Projet de 10.000 logements : Vers une prorogation de la livraison de 24 mois, l’enveloppe révisée à 97,9 milliards FCFA

La Société immobilière du Cameroun (SIC), qui pilote le projet de construction de 10 000 logements exécuté par l’italien Pizzaroti sur les sites d’Ekoko II et Nkolmeyos (région du Centre), alerte sur un risque de glissement du calendrier. Dans un rapport sur l’état d’avancement des travaux, arrêté au 21 février 2026 et consulté par Investir au Cameroun, l’entreprise publique indique que les retards constatés devraient conduire à une prorogation du délai de livraison de 24 mois, notamment en ce qui concerne la base industrielle de Nkolmeyos, présentée comme structurante pour le projet.

Au 21 février 2026, la base industrielle à construire à Nkolmeyos n’affiche qu’un taux de réalisation de 25,3 %, après trois années de travaux. « Comparativement au planning prévisionnel (85,97 % à date), l’écart dépasse 60 points, constituant un facteur structurant de risque sur la trajectoire globale du projet. Des échanges sont en cours concernant une prolongation de 24 mois pour ce site », souligne le rapport.

Ce retard inquiète la SIC car la base industrielle de Nkolmeyos constitue l’épine dorsale du projet Pizzaroti. Pivot technique de la construction des 10 000 logements, le complexe doit produire des préfabriqués en béton à un rythme d’au moins 1 000 logements par an. Sa durée d’exploitation, estimée entre 40 et 50 ans, est présentée comme un levier stratégique pour accélérer, au-delà du seul projet, la construction à grande échelle de logements sociaux au Cameroun.

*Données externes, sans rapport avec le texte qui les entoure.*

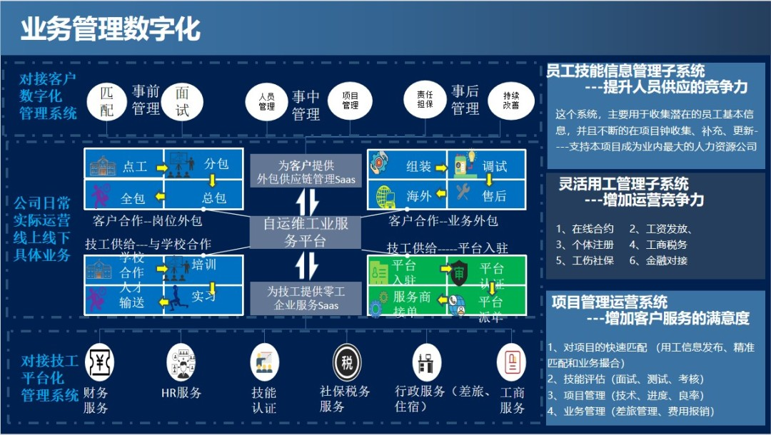 趋势之三:数字化,外包服务行业存在“鱼龙混杂”“小弱散差”的典型特征,要做大做强,就必须走向 标准化,标准化就需要数字化来进行助攻;装备制造服务业,是非常适合用数字化来进行提升效率的。

La voie d’accès exécutée à… 1 %

En attendant la livraison de Nkolmeyos qui pourrait finalement intervenir vers 2028 la construction des 1 224 premiers logements sur le site d’Ekoko II ne s’accélère pas non plus. Selon la SIC, l’état d’avancement du projet sur ce site atteint 46,8 % trois ans après le lancement des travaux. « La période novembre 2025-avril 2026 constitue une phase de vulnérabilité, avec des interventions simultanées sur 13 bâtiments. L’entreprise devra proposer un plan de mobilisation y relatif », indique le document.

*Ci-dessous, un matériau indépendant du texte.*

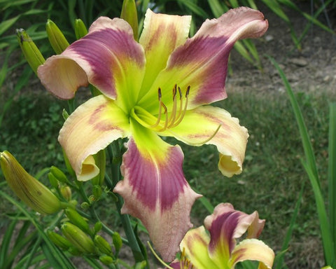 Cascading pink lavender bitone with a fuchsia eye above a green throat. American Hemerocallis Society

Le rapport déplore également la progression quasi nulle de la voie d’accès au site, réalisée à seulement 1 %. Pour la SIC, cette « route constitue un maillon critique conditionnant la finalisation des VRD – voiries et réseaux divers, NDLR – les essais et réceptions », ce qui en fait un point de blocage susceptible d’entraîner des retards en cascade.

Sur le plan financier, le coût initial du projet a été revu à la hausse, passant de 96,7 à 97,9 milliards FCFA, soit 1,2 milliard FCFA supplémentaires. « Un travail de calage des quantités a été réalisé sur la base des études d’exécution actualisées et des constats techniques de terrain. Ce calage fait ressortir une incidence financière globale de 1,2 milliard de FCFA », justifie le rapport.

Plus de 53 milliards FCFA déjà décaissés

Sur l’enveloppe globale révisée, un peu plus de 53 milliards FCFA avaient déjà été payés à l’entreprise au 21 février 2026, soit un taux de consommation des crédits de 54,79 %. Pourtant, 29,18 % des prestations réellement exécutées ont été payées, selon la SIC. L’écart entre paiements et exécution physique s’explique, d’après le rapport, par la réalisation des études des 10 000 logements, le paiement des approvisionnements, le management et les frais généraux, ainsi que les avances contractuelles (avance de démarrage et avance sur approvisionnement).

Pour rappel, le 24 juin 2022 à Ekoko II, le directeur général de la SIC, Ahmadou Sardaouna, a procédé à la réception officielle des premiers matériaux et équipements devant permettre la réalisation du projet Pizzaroti. Le financement repose sur deux accords de prêts d’un total de 115 milliards FCFA, signés depuis 2017 entre l’État du Cameroun et la banque italienne Intesa San Paolo.

La phase I prévoit la construction de 1 224 logements à Ekoko II et d’une base industrielle à Nkolmeyos. La phase II prévoit 9 000 logements à Zouatoupsi et Nkolntsam, dans l’arrondissement de Mbankomo (région du Centre). La livraison de l’ensemble de ces composantes est annoncée pour 2026, mais devrait être retardée au regard des retards enregistrés.

Au-delà des ajustements techniques et budgétaires, l’enjeu est celui de la politique de l’habitat : le projet Pizzaroti est présenté comme un accélérateur de l’offre de logements sociaux dans un pays où le déficit est officiellement estimé à 2 millions d’unités.